= Jim Kincaid =

American news reporter, anchor and essayist (1934–2011)

James W. Kincaid (October 23, 1934 – July 17, 2011) was an American television news correspondent for ABC News and local news anchor for WVEC in Norfolk, Virginia, for over 18 years.

== Biography and early career ==
Kincaid was born on October 23, 1934, in Houston, Texas, to the late Herbert and Ethel Schulze. His mother was an avid amateur painter of flowers. He grew up in Arkansas, often joking that his parents "moved there as soon as they heard about it". He started working for a radio station there in 1949, then served three years in the United States Army after being drafted in 1956. In 1960, he joined WWL in New Orleans, Louisiana, where he won a National Gold Bell award for his reporting on the death of Pope John XXIII in 1963. He later moved to what was then KMOX-TV (now KMOV) and WCBS-TV before moving to ABC News.

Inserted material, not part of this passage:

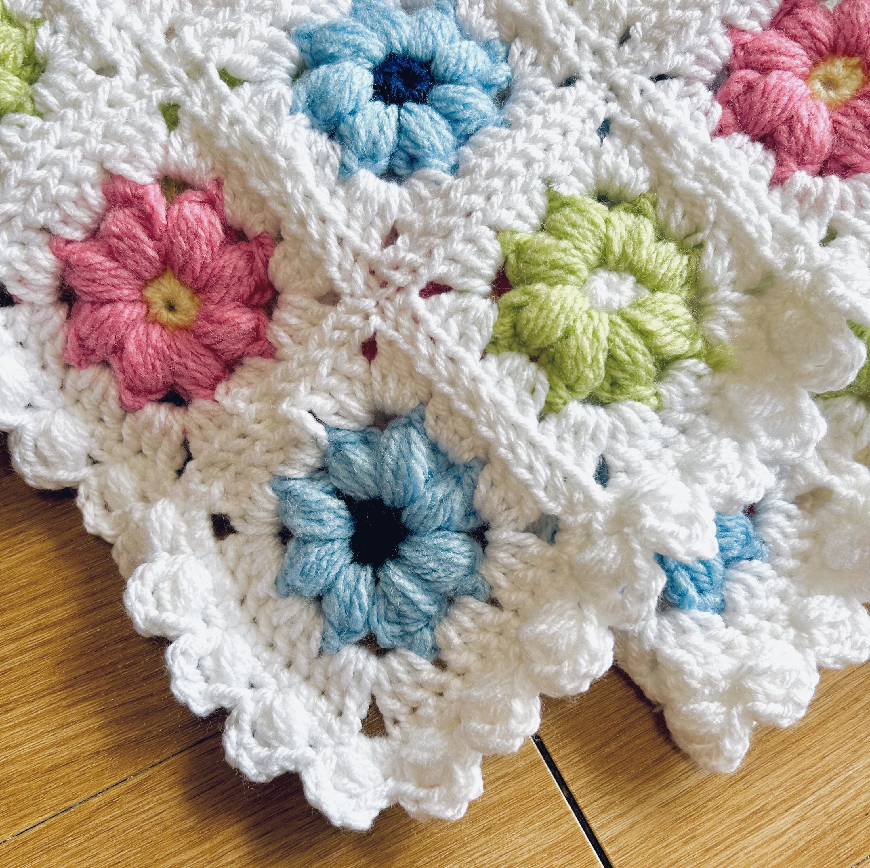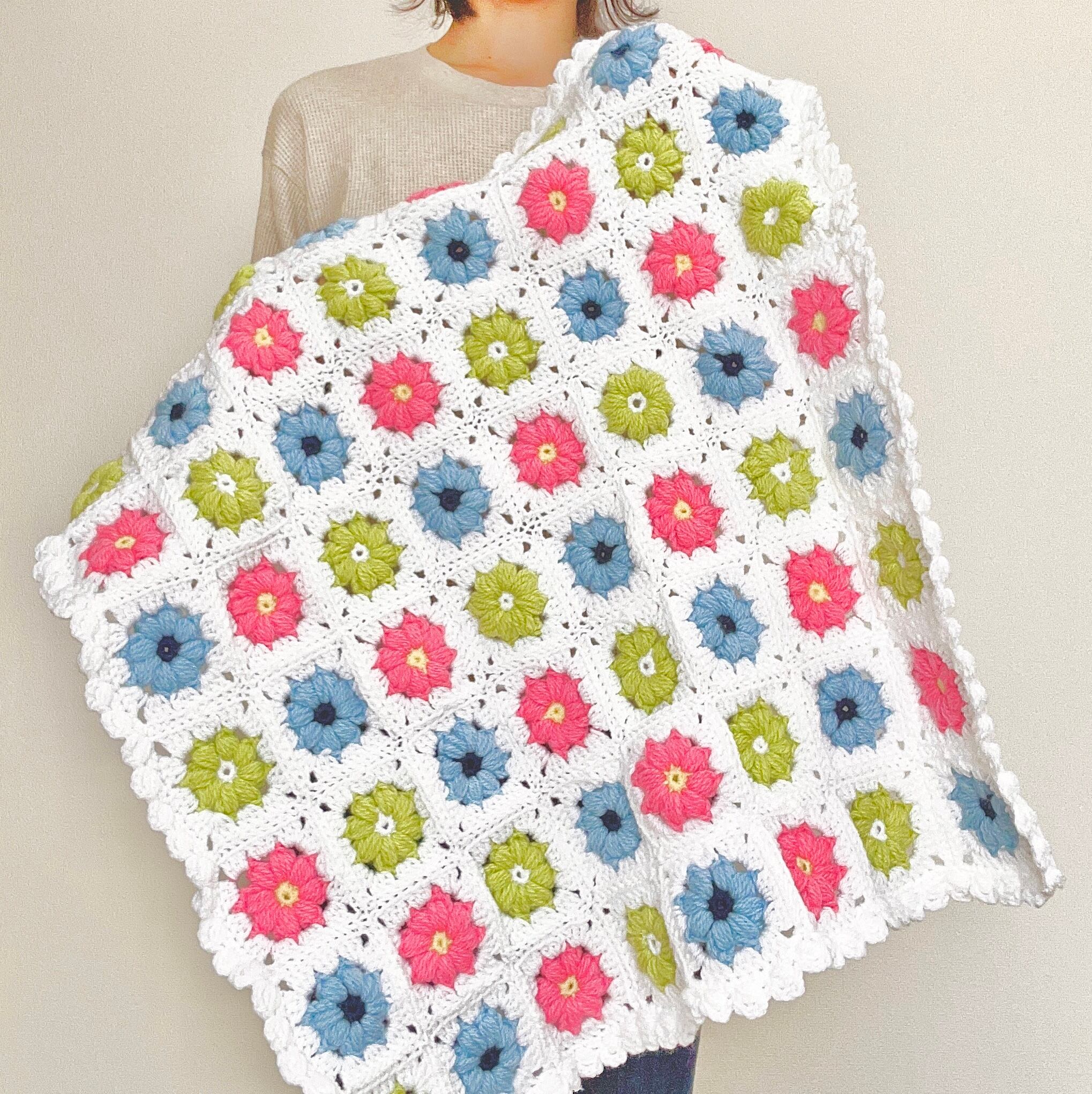 パレットホワイト モチーフ編みベビーフラワーブランケット

Married three times, two of his marriages ended in divorce.

== Network correspondent ==
Hired to work as a network correspondent, Kincaid reported in Vietnam for ABC in 1969, at the height of the Vietnam War. A military helicopter in which Kincaid was riding was shot down by rocket fire near the village of Bu Dop. He sustained a broken back in the crash and spent several months recovering in Hong Kong.

== WVEC-TV ==
In 1978, Kincaid left ABC to become the local news anchor for WVEC. During his time with WVEC, he returned to Vietnam to do a special series of stories covering the changes that had taken place over the previous 25 years. While shooting the award-winning documentary, Kincaid reunited a Vietnamese refugee with her family in Ho Chi Minh City. The woman, Norfolk resident Thao Nguyen, left Vietnam by boat in the 1970s with her infant daughter, and had not seen her family in over 20 years.

Kincaid also wrote a documentary in 1995 entitled "D-Day to VE Day". Three D-Day veterans from the Norfolk area accompanied Jim to several historic World War II sites, including Weymouth, England, Omaha Beach, Bastogne, the Dachau concentration camp, and Margraten in the Netherlands, site of the largest American cemetery in Europe. In 1996, Kincaid stepped down as WVEC's primary news anchor; he continued with the station as a commentator until his retirement.

Jim Kincaid authored several books, with collections of his humorous anecdotes.

His books "Theo" and" Anna's Eyes" were published in 1994 and 2002 respectively. They tell the story of his beloved father-in-law, Theo Wildanger, an accomplished artist.

== Post-news career and death==
In 1997, Kincaid left WVEC. He and his wife Catherine moved to a farm which he owned near Elam, an unincorporated area in Virginia's Prince Edward County. In 2006, they moved into a community near Longwood University in Farmville, Virginia. While retired from the news business, Kincaid continued to work, providing narration and voice-over work. Kincaid died of a heart attack on July 17, 2011, at the age of 76.